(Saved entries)
◆ ◆ ◆
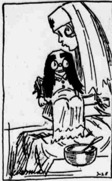
The Young Lady Across the Way

The young lady across the way says the girls must be taking part in the actual fighting now, as she saw in the paper that the latest model of French airplanes carries three airmen and two mitrailleuses.
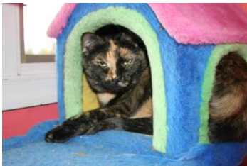
Alice – Gentle torti

The Chesapeake Cats & Dogs Center is located in Chester across from Western Auto in the Island Professional Park. The hours are: Sunday 10 – 2, Monday through Friday 11 – 3 and Saturday 10 – 4. Stop in to play with the cats. A few are pictured here. The Center is a fun, colorful place to visit. It is a warm, safe haven for some of our cats who have been abandoned.
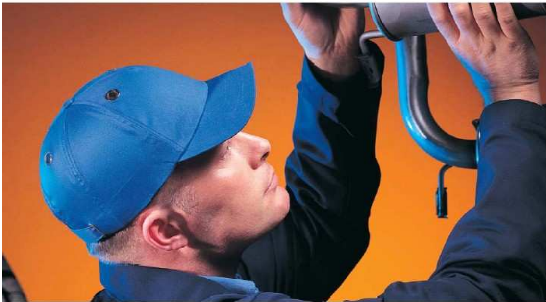
Baseball Bump Cap in Royal Blue
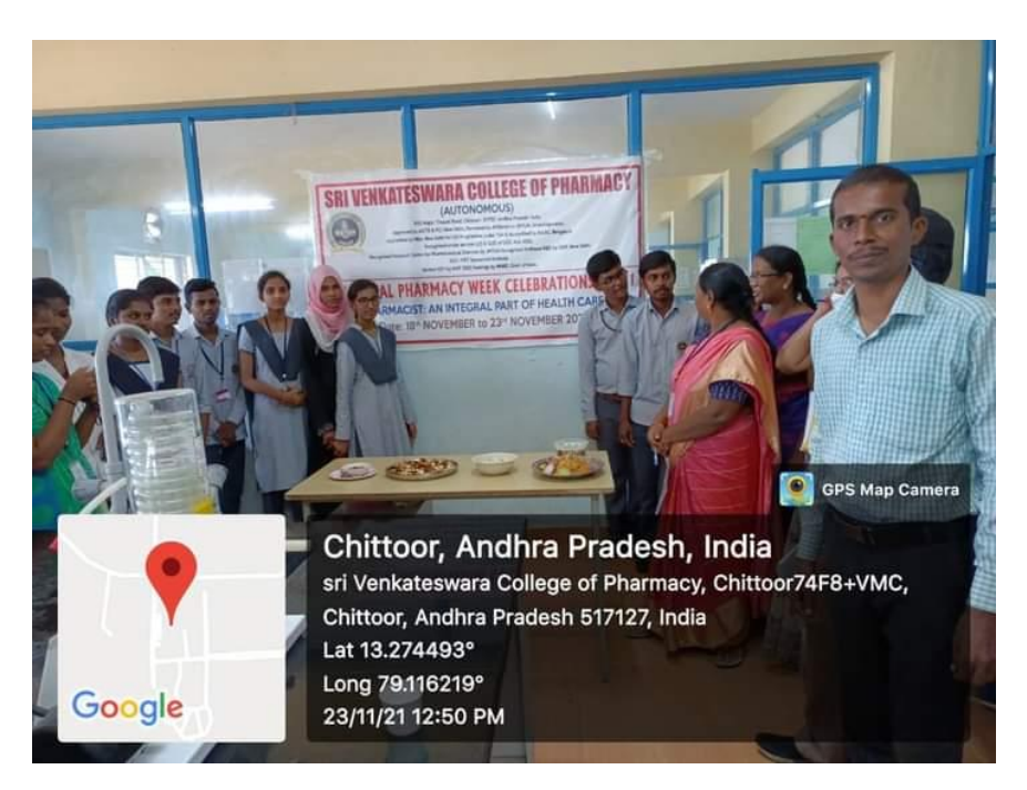
Competitions conducted to students
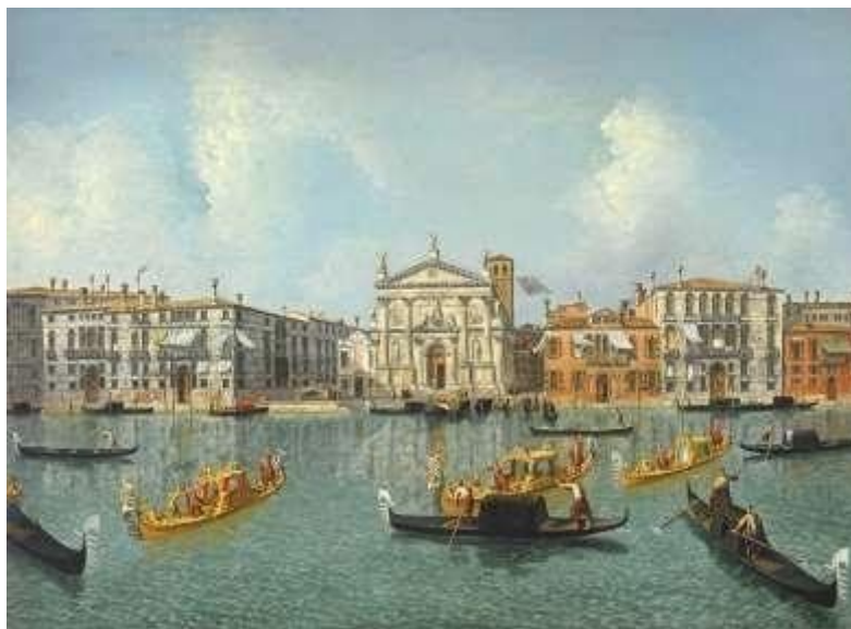
Michele Marieschi, Grand Canal with the Church of San Stae, eighteenth century private collection

The creation of the tempera paintings, adorning the walls and ceilings of the hallway that we see today, date back to the time when the building was fully restored. They recapture the essence of the fresco painted by Michelangelo Mortalier at Palazzo Grassi, and show convivial scenes of the Venetian world that bear witness to the life of the palace. The characters are portrayed facing towards a false wooden balcony and a false loggia appears in the background. The scenes, designed to be viewed from below and from a distance, are thought to have been carried out after the demolition of the stepping stones that connected the two wings of the mezzanine floor above the marble staircase. Reading the surveys conducted during the restoration has shown that many pigments used in the creation of the paintings such as zinc white, artificial ultramarine blue and chrome yellow, as well as inorganic binders with carbonated lime combined with plaster, were used only in the second half of the nineteenth century.
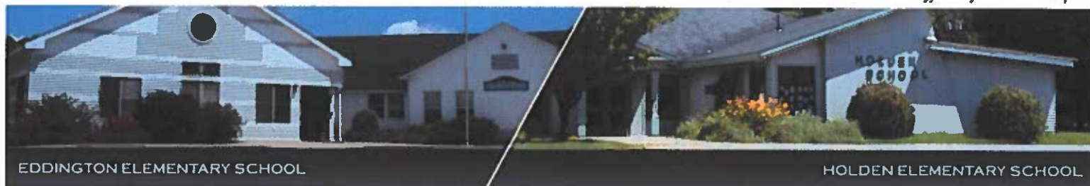
EDDINGTON ELEMENTARY SCHOOL
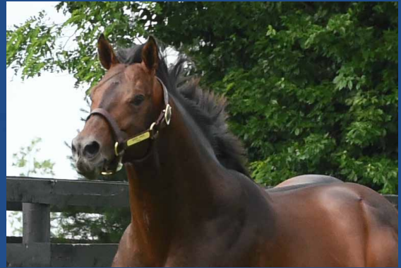
Super Saver's HIGH DOLLAR WOMAN Indiana Oaks (G2) Winner
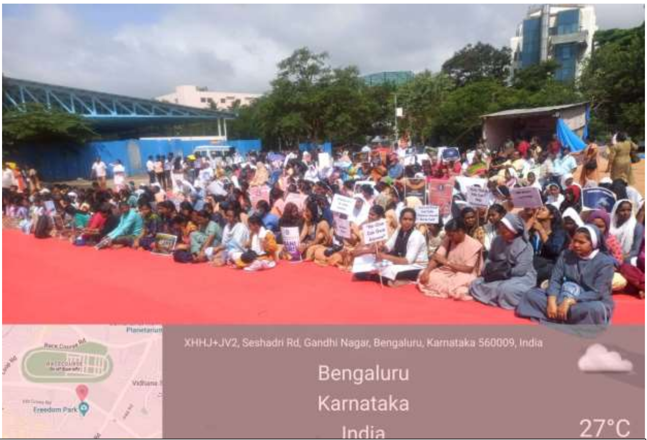
staff and students in solidarity with the attach on minority participating in protest at Freedom Park, Bangalore
◆ ◆ ◆
Your objective:
Your copy should hold exactly the lines from the line bearing "The creation of the tempera" through the end of the data, both included, and no pictures or anything further.

Worked solution:
The creation of the tempera paintings, adorning the walls and ceilings of the hallway that we see today, date back to the time when the building was fully restored. They recapture the essence of the fresco painted by Michelangelo Mortalier at Palazzo Grassi, and show convivial scenes of the Venetian world that bear witness to the life of the palace. The characters are portrayed facing towards a false wooden balcony and a false loggia appears in the background. The scenes, designed to be viewed from below and from a distance, are thought to have been carried out after the demolition of the stepping stones that connected the two wings of the mezzanine floor above the marble staircase. Reading the surveys conducted during the restoration has shown that many pigments used in the creation of the paintings such as zinc white, artificial ultramarine blue and chrome yellow, as well as inorganic binders with carbonated lime combined with plaster, were used only in the second half of the nineteenth century.
EDDINGTON ELEMENTARY SCHOOL
Super Saver's HIGH DOLLAR WOMAN Indiana Oaks (G2) Winner
staff and students in solidarity with the attach on minority participating in protest at Freedom Park, Bangalore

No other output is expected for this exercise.